Highlights & Insights¶
- Novel problem formulation: The paper is the first to explicitly define "guideline-consistent segmentation," elevating annotation rule adherence to a first-order task objective, and reveals inconsistencies in existing ground-truth annotations.
- RL-based stopping strategy: A compact 6-state Q-table realizes adaptive iterative control that is both more efficient and more effective than fixed-iteration alternatives.
- Dual-agent division of labor: Separating evaluation and box generation into distinct agents proves more effective than assigning all responsibilities to a single agent.
- Scalability: Both the VLM and SAM are frozen; guideline updates require no retraining—only modification of the text input.
Limitations & Future Work¶
- Reliance on a closed-source VLM (Gemini-2.5 API) limits local deployment and reproducibility.
- Quantitative constraint interpretation is difficult: the VLM struggles to precisely judge "whether an object exceeds 2 m," which may cause misclassification.

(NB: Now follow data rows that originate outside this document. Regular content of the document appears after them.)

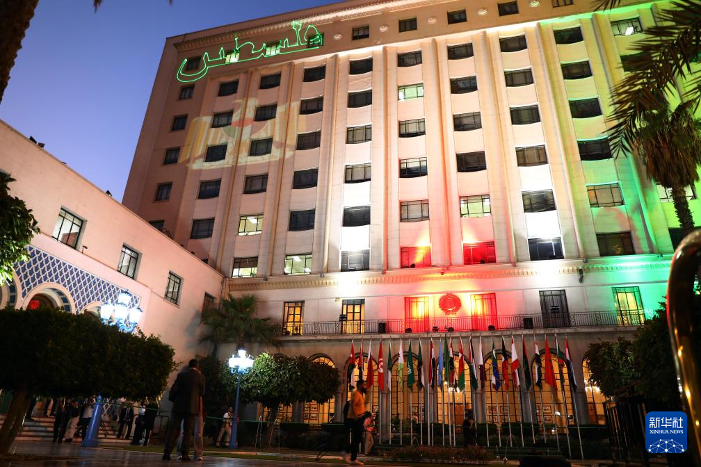 2023年10月11日,位于埃及首都开罗的阿盟总部亮起巴勒斯坦国旗颜色的灯光。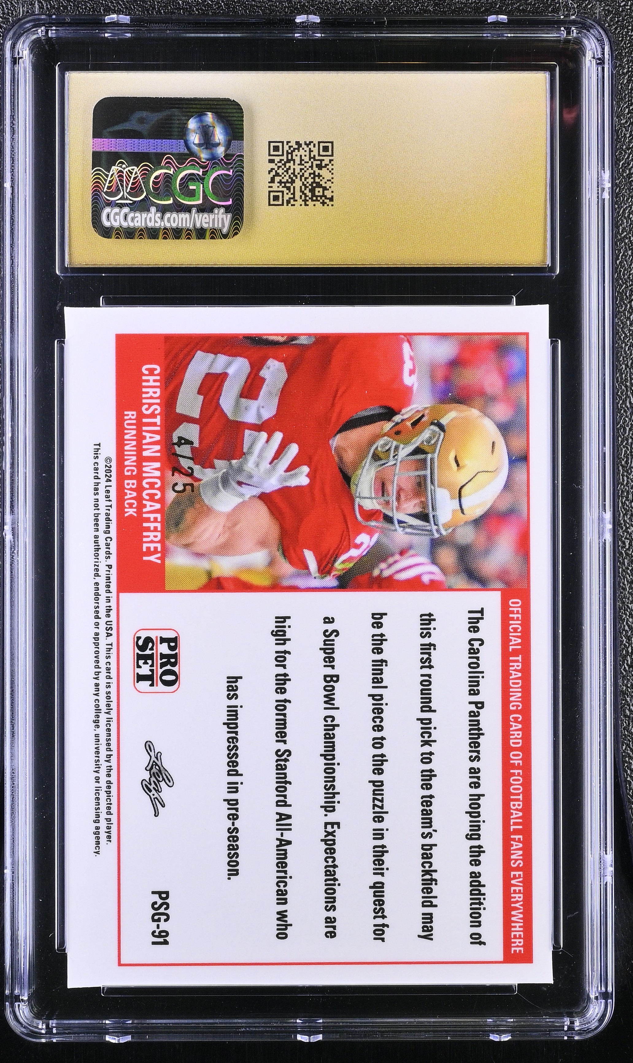 Christian McCaffrey 2023 Leaf Web Exclusives Pro Set Blue #PSG91 #4/25 (CGC 10 | Pristine Black Label)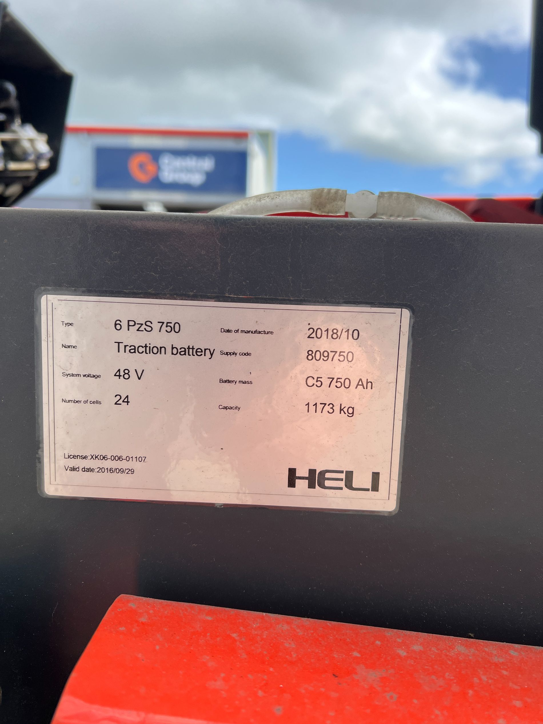 - 2019 HELI EFG320N BATTERY ELECTRIC COUNTERBALANCE FORKLIFT, JUST 156 GENUINE HOURS.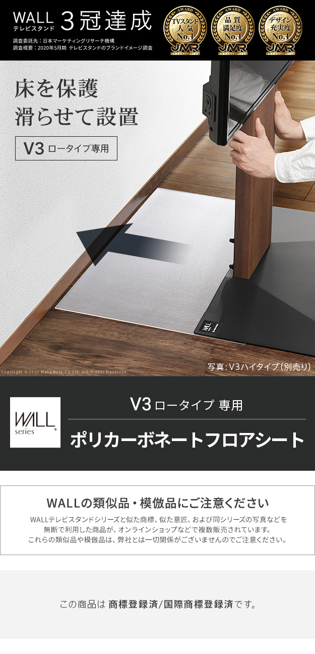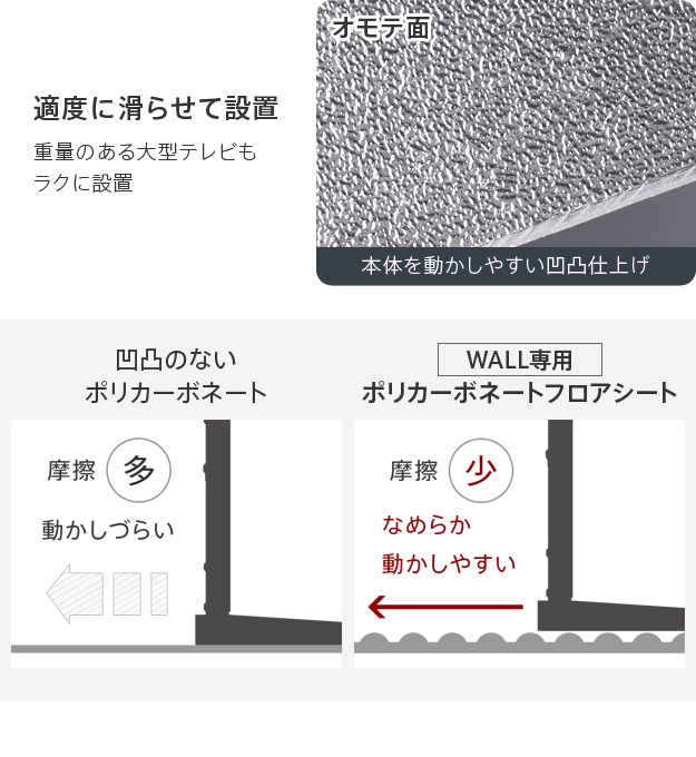 【キーワード】 壁寄せ テレビスタンド インテリア WALL オプション グッドデザイン おしゃれ テレビ台 テレビスタンド 薄型 ポリカ板 床傷防止

- Bounding boxes serve as the primary SAM input, limiting fine-grained segmentation (e.g., fine structures such as eyelashes).
- Accuracy is prioritized over latency; multiple API calls make the framework unsuitable for real-time applications.
- The method supports only semantic segmentation and has not been extended to instance segmentation.
Related Work & Insights¶
- Multi-agent collaboration paradigm: Inherits ideas from multi-agent frameworks such as MetaGPT and AutoGen—multiple specialized agents collaborating outperforms a single generalist agent.
- VLM segmentation progress: From single-pass inference in LISA to iterative refinement in this work, representing a paradigm shift for VLMs in segmentation from "answering" to "verifying."
- Self-correction mechanism: The Worker–Supervisor loop can be viewed as self-refinement for visual tasks, augmented with an explicit rule-verification step.
- Inspiration: The guideline-consistency paradigm is extensible to domains requiring strict rule adherence, such as medical image annotation and autonomous driving perception annotation.
Rating¶
- Novelty: ⭐⭐⭐⭐⭐ — Novel problem formulation; unique training-free solution combining multi-agent collaboration and RL.
- Experimental Thoroughness: ⭐⭐⭐⭐ — Validated on Waymo and ReasonSeg with a manually curated high-quality test set and sufficient ablation studies.
- Writing Quality: ⭐⭐⭐⭐ — Clear structure with rich visualizations, though some content is redundant.
- Value: ⭐⭐⭐⭐ — Guideline consistency addresses a genuine pain point in practical annotation pipelines, offering high applied value.